*** Opening of Records for the task ***

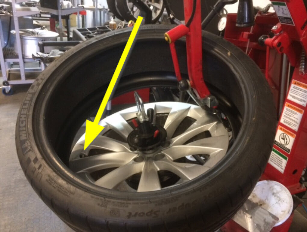 警告将胎压监测系统传感器放置在轮胎机操作臂前侧,以确保在轮毂转动时,操作臂不会损坏胎压监测系统传感器。
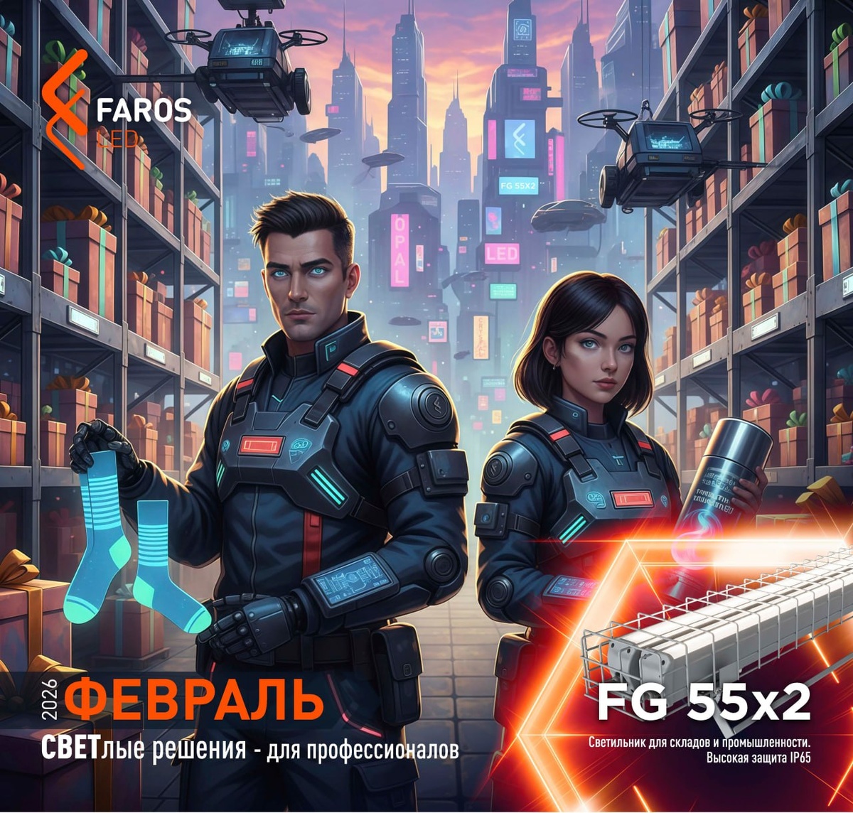 🔥 В феврале показываем страницу, посвященную складскому и промышленному освещению. 💫 FG 55x2 – промышленный сдвоенный светильник FAROS LED с высокой степенью защиты IP65. Герметичный алюминиевый корпус надежно изолирует диоды и драйвер от проникновения пыли и влаги, что делает изделие оптимальным для освещения промышленных объектов и складов. ➡️ FG 55x2 обладает: • Сдвоенной конструкцией, обеспечивающей максимальный уровень энергоэффективности и освещенности (до 147 лм/Вт); • Простым быстрым монтажом на поворотный кронштейн; • Климатическим исполнением УХЛЗ.1, от -20 до +40 °C / от 0 до +40 °C - для исполнений с БАП (EM). • Гарантией 5 лет. Серия FG 55x2 разнообразна по исполнениям: - ряд мощностей варьируется от 75W до 200W; - три варианта габаритной длины: 976/1276/1576 мм; - опции: с блоком аварийного питания (EM); с повышенной цветопередачей CRI>90 и защитной решеткой для использования в школах и на спортивных объектах (SPORT); - на выбор доступны два вида поликарбонатного расс
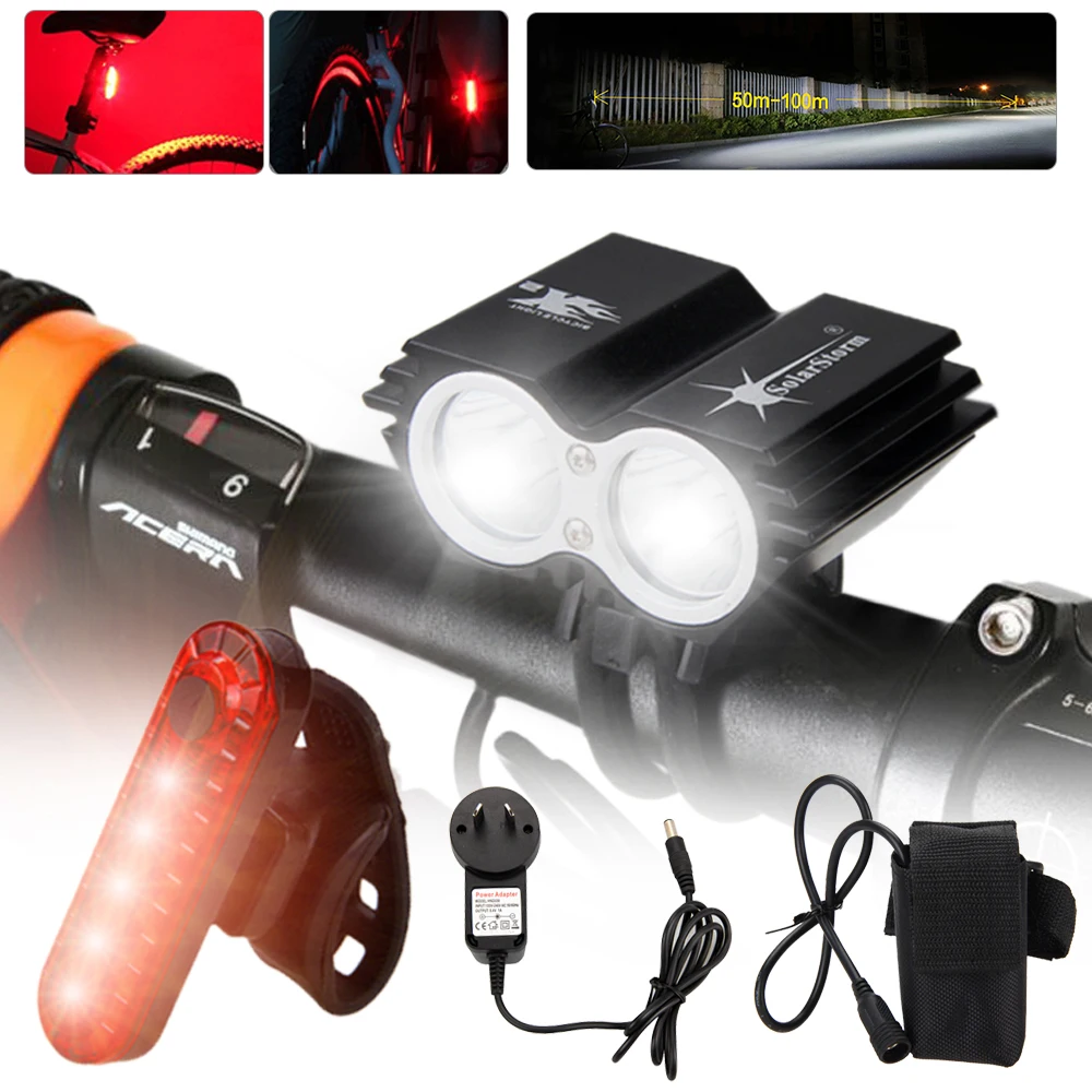 Светодиодный фонарь 5000 лм 2x XM-L U2 светильник фонарь, Головной фонарь для велосипеда, светильник головного света + аккумулятор 6400 мАч + светильник
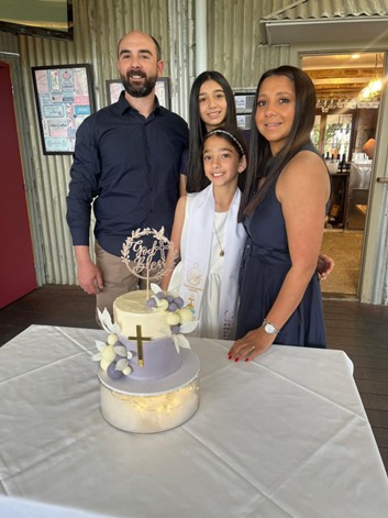Moncy and Annie with Sienna and Chiara on Sienna’s 1st communion.
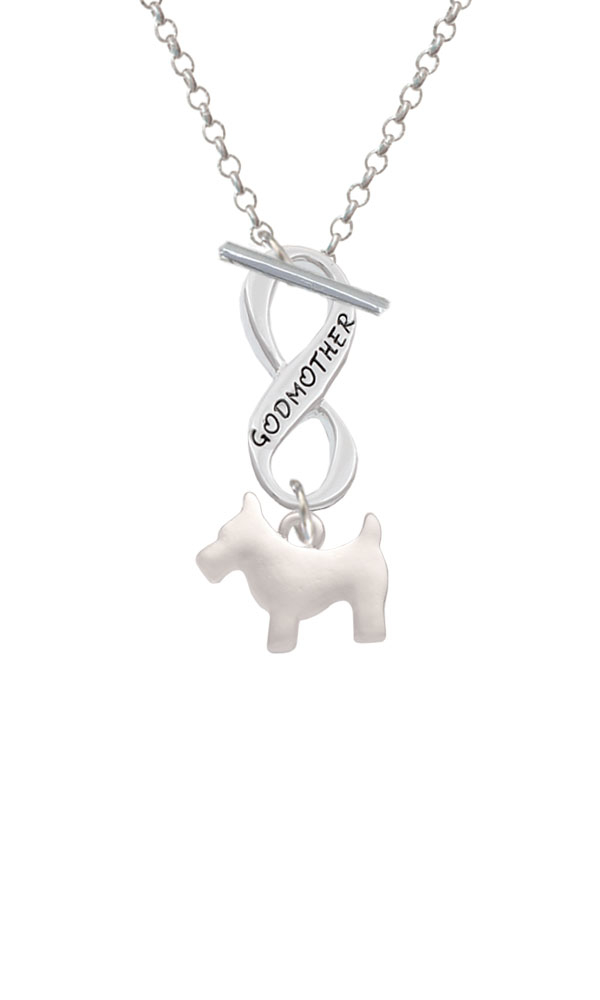 Silver Tone Flat Scottie Dog Godmother Infinity Toggle Necklace. Silver Tone Charm. Charm size is approx. 0.56 x 0.63 x 0.08 inches (HxWxD) including loop. 3mm Rolo Chain Necklace is 18 inches long. Infinity Toggle is approx. 0.90 x 0.40 x 0.10 inches (HxWxD). The infinity symbol represents the quality of being limitless or endless. Choose your favorite message to represent your love, faith, or commitment that lasts forever. Please Note: Our products are lead safe, but are not intended for children 14 years and younger.
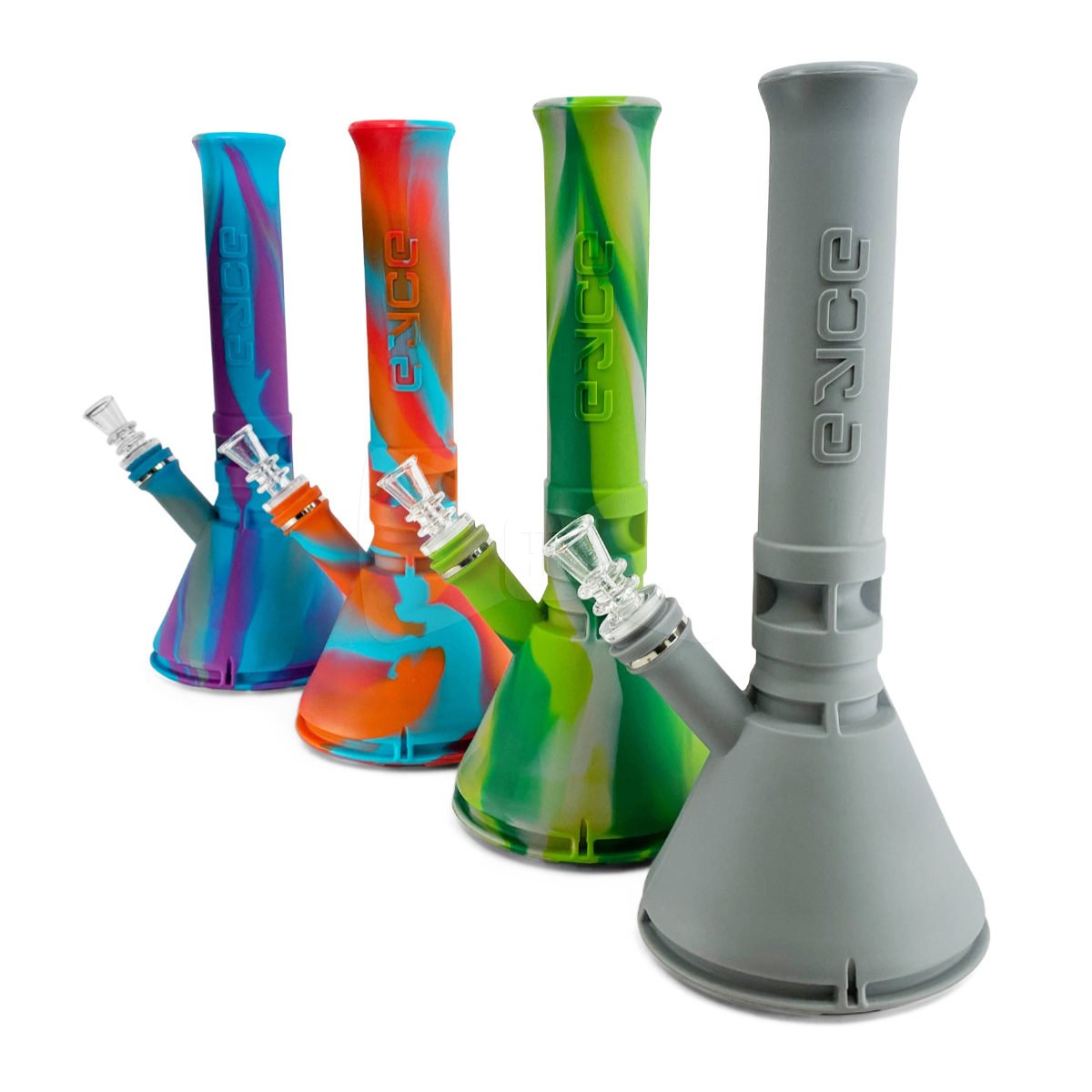 Magnetic Lighter Holder Diffused Glass Downstem & Slide Platinum-Cured Silicone Hidden Concentrate Pad Built-In Hidden Stash Jar & Material Tool Assorted Colours Lifetime Warranty Eyce has taken classic smoking style and elevated it with an ultrafunctional design to form the Beaker. Standing at 12 inches tall, the Beaker delivers traditional water pipe filtration in a contemporary form. Crafted from virtually indestructible silicone and borosilicate glass, the Beaker is extremely durable and portable, making it a standout compared to its all-glass counterparts. The platinum-cured silicone ensures high-heat resistance while also providing flexibility and a comfortable grip. A heavy-duty glass bowl securely fits in the universal 14 mm female downstem, but is easily removable and simple to clean. The lid doubles as a pad for working with your material while a magnetic ring, secured around the downstem, keeps anything metal, such as a lighter or stir tool, easily accessible. Built with covert compartments, your stash and material tool will be discreetly hidden for on-the-go use.
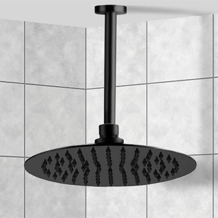 10" Ceiling Mounted Rain Shower Head With Arm, Matte Black
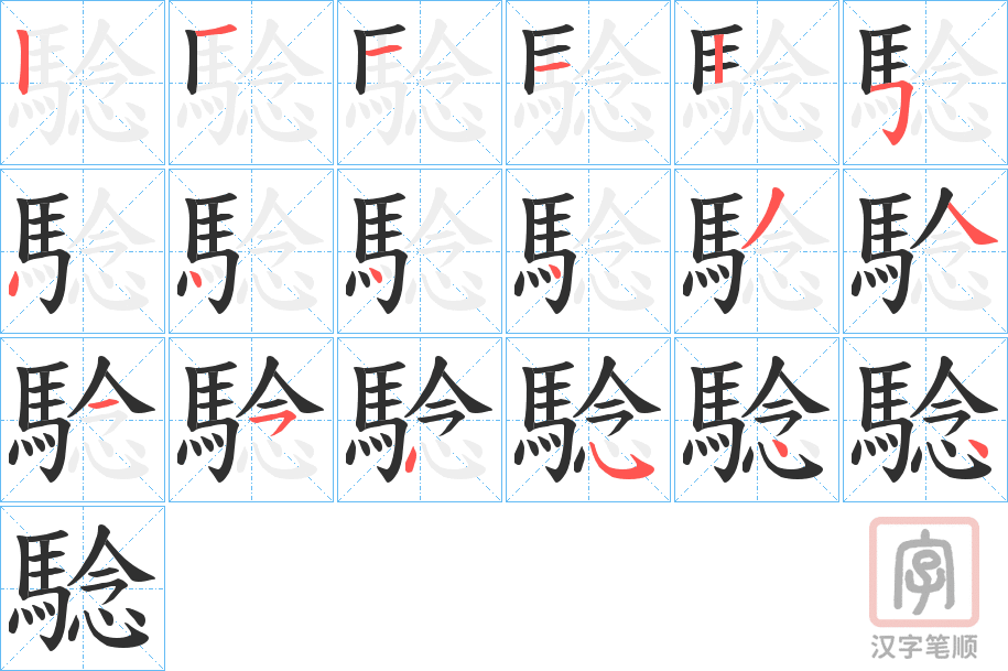 騐字的笔顺分步演示(一笔一画写汉字)
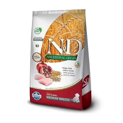 Ração N&D Ancestral Grain Cães Puppy Medium FrangoA Ração N&D Ancestral Grain Cães Puppy Medium Frango é uma ração completa e balanceada, ideal para cães filhotes de raças médias e para cadelas no terço final de gestação e em lactação. Feita com frango, proteína de alto valor biológico, romã e cereais ancestrais como a cevada e aveia.A Ração N&D Ancestral Grain Puppy tem antioxidantes naturais, extratos ricos em tocoferóis, possui um baixo índice glicêmico que permite uma liberação gradual de energia ao longo do dia e ainda é rico em vitaminas.Alimentação de qualidade, você só encontra aqui na Cobasi, e a Ração N&D Ancestral Grain Cães Puppy Medium Frango com ótimo preço. Aproveite e compre agora pelo site, App ou em nossas lojas físicas com ótimas condições.Medida do grãoDiâmetro 9-11mm x Espessura 3-5mmIngredientesCarne de frango (mecanicamente separada), farinha de vísceras de aves (mín. 10%), ovo desidratado, aveia (mín. 1%), sorgo, cevada (mín. 1%), farinha de peixe, óleo de frango, óleo de peixe, polpa de beterraba, casca de ervilha, alfafa desidratada, lignocelulose, semente de psyllium, levedura seca de cervejaria, cenoura desidratada, espinafre desidratado, laranja desidratada, maçã desidratada, blueberry desidratado, extrato de romã (mín. 0,075%), extrato de chá verde, extrato de aloe vera, cúrcuma em pó, beta caroteno, aditivos prebióticos (FOS e MOS), DL-metionina, taurina, L-carnitina, sulfato de condroitina, sulfato de glicosamina, aditivos adsorventes (extrato de yucca e zeolita), hidrolisado de fígado de frango e suíno, vitaminas (A, D3, E, B1, B2, B6, B12, C, biotina, niacina, ácido pantotênico, ácido fólico, cloreto de colina), fosfato bicálcico, cloreto de potássio, ferro aminoácido quelato, cobre aminoácido quelato, zinco aminoácido quelato, manganês aminoácido quelato, proteinato de selênio, iodato de cálcio, propionato de cálcio, concentrado de tocoferóis.Eventuais substitutivos: proteína hidrolisada de peixe, proteína hidrolisada de frango.Níveis de garantia:Umidade (máx.)90 g/kg9%Proteína Bruta (mín.)350 g/kg35%Extrato Etéreo (mín.)200 g/kg20%Matéria Fibrosa (máx.)20 g/kg2%Matéria Mineral (máx.)73 g/kg7,3%Cálcio (mín.)9.000 mg/kg0,9%Cálcio (máx.)14,2 g/kg1,42%Fósforo (mín.)7.500 mg/kg0,75%Sódio (mín.)2.000 mg/kg0,2%Potássio (mín.)5.000 mg/kg0,5%Magnésio (mín.)900 mg/kg0,09%Ômega 6 (mín.)30 g/kg3%Ômega 3 (mín.)3.000 mg/kg0,3%DHA (mín.)700 mg/kg0,07%EPA (mín.)600 mg/kg0,06%Fruto-Oligossacarídeos (mín.)400 mg/kg-Mannan-Oligossacarídeos (mín.)240 mg/kg-Metionina (mín.)6.000 mg/kg-Taurina (mín.)1.000 mg/kg-L-Carnitina (mín.)200 mg/kg-Lisina (mín.)13,5 g/kg-Sulfato de Condroitina (mín.)300 mg/kg-Sulfato de Glicosamina (mín.)350 mg/kg-Energia Metabolizável4.108 kcal/kg-Enriquecimento por Kg:Vitamina A – 16.000UI, Vitamina D3 – 1.600UI, Vitamina E – 600UI, Vitamina B1 – 4,8mg, Vitamina B2 – 8mg, Vitamina B6 – 6,4mg, Vitamina B12 – 64mcg, Vitamina C – 160mg, Biotina – 0,40mg, Niacina – 40mg, Ácido pantotênico – 16mg, Ácido fólico – 0,48mg, Colina – 1.800mg, Ferro – 40mg, Cobre – 13mg, Zinco – 145mg, Manganês – 49mg, Selênio – 0,18mg, Iodo – 1,6mg.Quantidade Recomendada:Peso do cão2 meses3 meses4 meses5-6 meses7-10 meses11-12 meses13-16 meses5 kg60g90g95g115g100gRação adultoRação adulto7,5 kg80g115g115g150g130gRação adultoRação adulto10 kg95g130g140g175g165gRação adultoRação adulto15 kg125g175g185g240g230gRação adultoRação adulto20 kg140g215g230g280g275gRação adultoRação adulto30 kg185g280g300g370g375g360gRação adultoGuia para troca de raçãoCaso haja necessidade em inserir uma nova ração para seu pet, é importante que a troca seja gradual e crescente. Para garantir uma perfeita adaptação e aceitação, você pode seguir a sugestão abaixo ou conforme orientação do médico-veterinário:
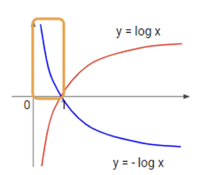 결국 도 확률값으로 0과 1사이의 값을 가지며, 함수에서 보면 노란색 박스 부분이 된다. 1에 가까워 질수록 로스 값(패널티)이 0에 수렴하고, 0에 가까워 질수록 로스 값이 무한대로 증가하는 부분만 떼서 로스 함수로 쓰는 것이다.
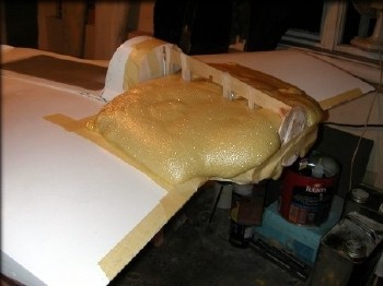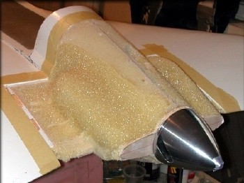 First, the perimeter of the cowling area was taped off with masking tape, then 2-part urethane foam was poured into the form. The foam won't stick permanently to the waxed fuselage plug, so this isn't as scary as it looks. As it turned out, I was careful enough that no foam went past my masking tape boundary, and no foam got on the fuselage plug anyway.
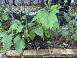 茄子の苗が、虫にやられて
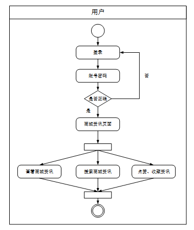 用户登录成功后,就可以浏览商城资讯,此时系统前端会显示商城资讯,同时也会对数据库进行查询,获取相关的资讯信息,用户可以选择查看商城资讯、搜寻商城资讯、点赞、收藏资讯,如果用户选择查看商城资讯,系统前端就会从数据库中获取相应的资讯信息并进行展示;如果用户选择搜寻商城资讯,系统前端就会根据用户所写的关键词进行搜索,并将搜索到的结果进行展示;如果用户选择点赞或收藏资讯,系统前端就会将用户的点赞或收藏操作提交给系统后端,系统后端将这些信息存入数据库,这样用户就可以结束浏览商城资讯的过程。用户浏览商城资讯活动图如图3-2所示。
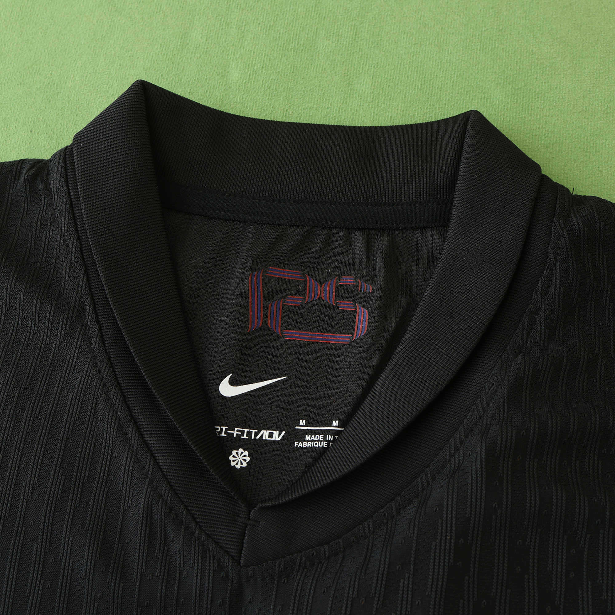 The 24/25 away jersey uses a sleek black base that remixes Barça’s iconic stripes in a modern way. The design includes subtle Blaugrana trim and a high-finish badge treatment, creating a futuristic aesthetic that works both on the pitch and off it.

*** Close of Records for the task ***

◆ **About this task**
Starting at the line with "결국 도 확률값으로 0과" in the entries above, write out every line exactly until the line with "用户登录成功后,就可以浏览商" has been written. Include no pictures and nothing more.

◆ **Result**
 결국 도 확률값으로 0과 1사이의 값을 가지며, 함수에서 보면 노란색 박스 부분이 된다. 1에 가까워 질수록 로스 값(패널티)이 0에 수렴하고, 0에 가까워 질수록 로스 값이 무한대로 증가하는 부분만 떼서 로스 함수로 쓰는 것이다.
 First, the perimeter of the cowling area was taped off with masking tape, then 2-part urethane foam was poured into the form. The foam won't stick permanently to the waxed fuselage plug, so this isn't as scary as it looks. As it turned out, I was careful enough that no foam went past my masking tape boundary, and no foam got on the fuselage plug anyway.
 茄子の苗が、虫にやられて
 用户登录成功后,就可以浏览商城资讯,此时系统前端会显示商城资讯,同时也会对数据库进行查询,获取相关的资讯信息,用户可以选择查看商城资讯、搜寻商城资讯、点赞、收藏资讯,如果用户选择查看商城资讯,系统前端就会从数据库中获取相应的资讯信息并进行展示;如果用户选择搜寻商城资讯,系统前端就会根据用户所写的关键词进行搜索,并将搜索到的结果进行展示;如果用户选择点赞或收藏资讯,系统前端就会将用户的点赞或收藏操作提交给系统后端,系统后端将这些信息存入数据库,这样用户就可以结束浏览商城资讯的过程。用户浏览商城资讯活动图如图3-2所示。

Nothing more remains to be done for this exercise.